Phospholilase A-2 (Enz.) that liberates Arachidonic acid from membrane ->Cyclooxygenase (COX1 and 2) type 2 more involved in inflam. -> Prostaglandin
Functions: Vasodilation and increase vascular permeability and causes pain
Cytokines role?
Orchestrate systemic effect of inflammation
Interleukins and TNFs effects?
Cause fever
What are chemokines?
Cytokines that attract cells.
Chemokines receptor family?
CXCR and CCR
Plt activating factors actions?
Vascular permeability, vasoconstriction, growth factors, clotting, chemotaxis.
Nitric oxide action?
Relaxation of smooth musc.
Resolution of inflammation?
Edema draines by lymph, neutro. die by apoptosis, macrophage get rid of debris, after macrophage goes away.
Abces definition?
Hole in tissue with collection of pus: NET
2 types of macrophages?
Classic (M1) - attack microbes
Alternatively (M2) - Tissue repair
Chronic inflammation results in?
a) Angiogenesis: continuous new vessels formed
b) Monocytes continuously getting activated
c) Fibrosis
Chronic inflammation causes?
Persistent injury
Granuloma definition?
Center: macrophage, some multinucleated giant cells around object of injury.
Surround: T-cells
Granuloma Eg.
Splinter
Tuberculosis
Morphologic patterns of inflammation?
1-Serous: blisters 2-Fibrinous: Deposition of fibrin due to more severe injury 3-Abces (purulent/suppurative) 4-Ulcer 5-Membranous
Eg of fibrinous inflammation?
a) Streptococcal inflammation: Fibrin removed at the end
b) Legionnaires’ disease: Fibrin not removed = dead alveoli
Membranous inflamm. Eg.
Diphtheria: membrane in throat
Systemic effects of inflammation (3) with cause?
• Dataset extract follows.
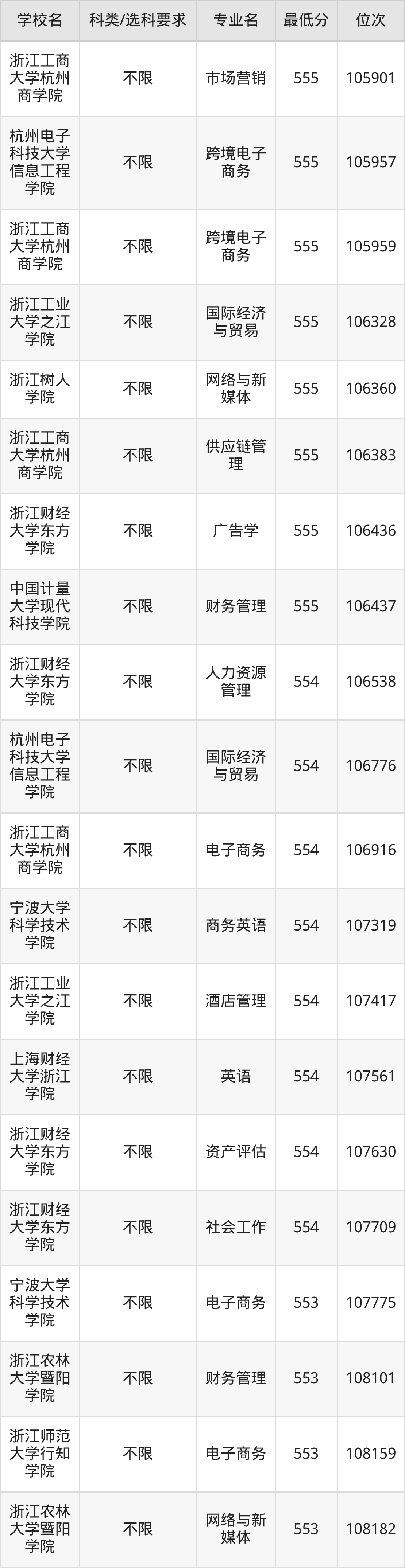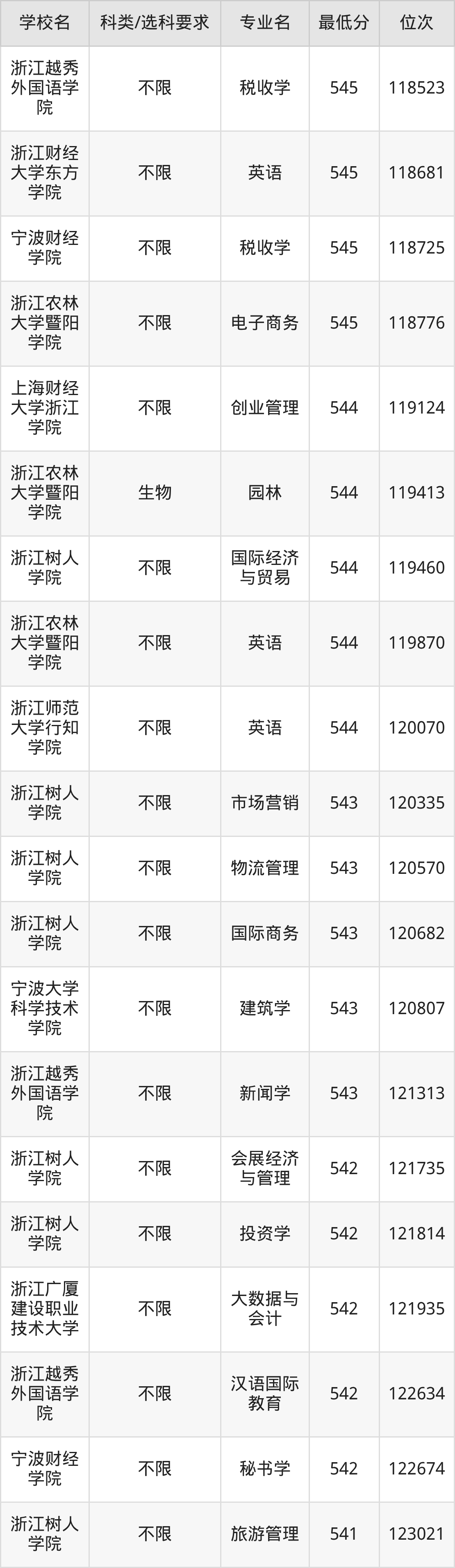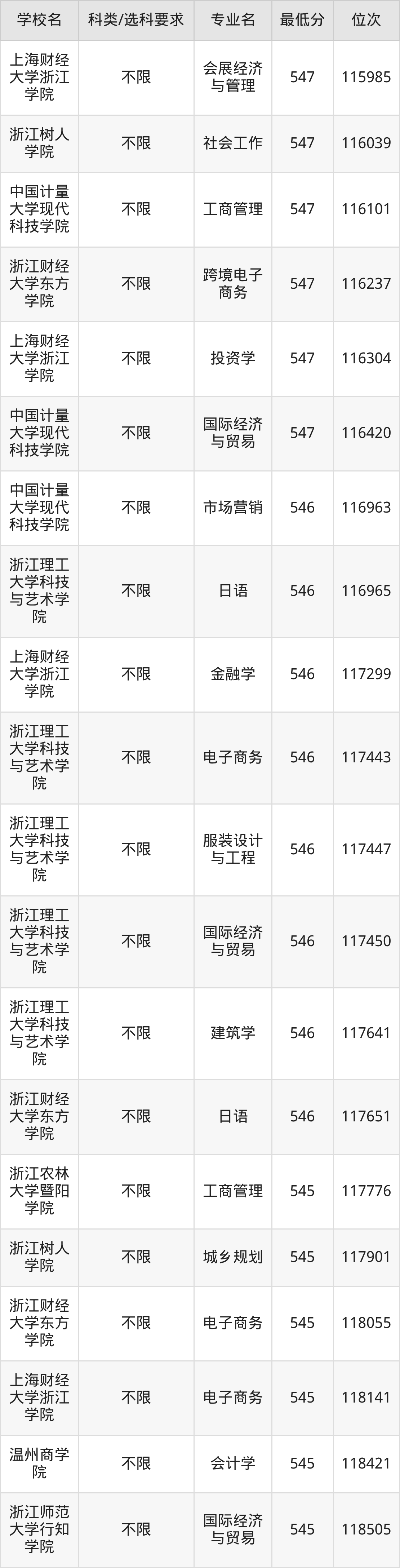 (1)浙江工商大学杭州商学院:2025年民办本科分数线526分到564分,位次区间是141605名到95163名,招生专业有25个,最低为人工智能、最高为法学。

1-Fever: Due to prostaglandins, reason b/c leukocytes speed increases
2-Leukocytis: Increase prod. in bone marrow
3-Acute phase response by liver: Increase mediators prod. Eg. C-Reactive p+ ->Opsonin, chemotactic
Tissue regeneration 3 major types of cells and their reaction to injury?
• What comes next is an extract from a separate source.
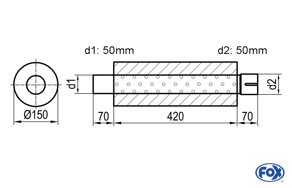 FOX Uni-Schalldämpfer rund mit Stutzen - Abwicklung 466 Ø 150mm, d1Ø 50mm außen - d2Ø 50,5mm innen - Länge: 420mm
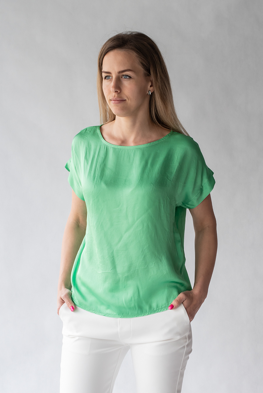 Saténová halenka s krátkým rukávem, pro každodenní pohodlné nošení.

1) Labile cells: Turning over all the time (Eg. Keratinocytes)
2) Stable cells: Not turning over all the time, but they can (Eg. Hepatocytes, however if architecture damaged, results in scaring)
3) Permanent cells: Cant be replaced (Eg.Neurons, if cell body still alive, can repair)
What is Wallerian degeneration?
Regeneration of myelinated axons by Schwann cells (they normally myelinate axons) guidance.
If repair is impossible?
replacement happens
Granulation tissue contains?
Macrophage, fibroblast, necrotic cells, new blood vessels
Macrophage stimulate…(2) in tissue replacement?
Angiogenesis
Fibrogenesis: prod scar tissue
Fibroblast role?
- Lay down collagen for formation of Extra-Cellular Matrix (ECM)
- transform into myofibroblast and are contractile
Wound contraction occurs b/c?
fibroblast ->myofibroblast->contract
Explain: Wound -> Inflammation -> Proliferation -> Tissue remodeling
a) Inflam: 1-5 days
b) Proliferation: Granulation tissue (3-21days)
c) wound contraction, reepithelialization, scar tissue formation (14 days-2years)
Different intention repairs?
Primary: surgical with suture
Secondary: Large wound ->granulation tissue->large scar
Keloid tissue?
Too much secretory fibroblast, produce large scar tissue.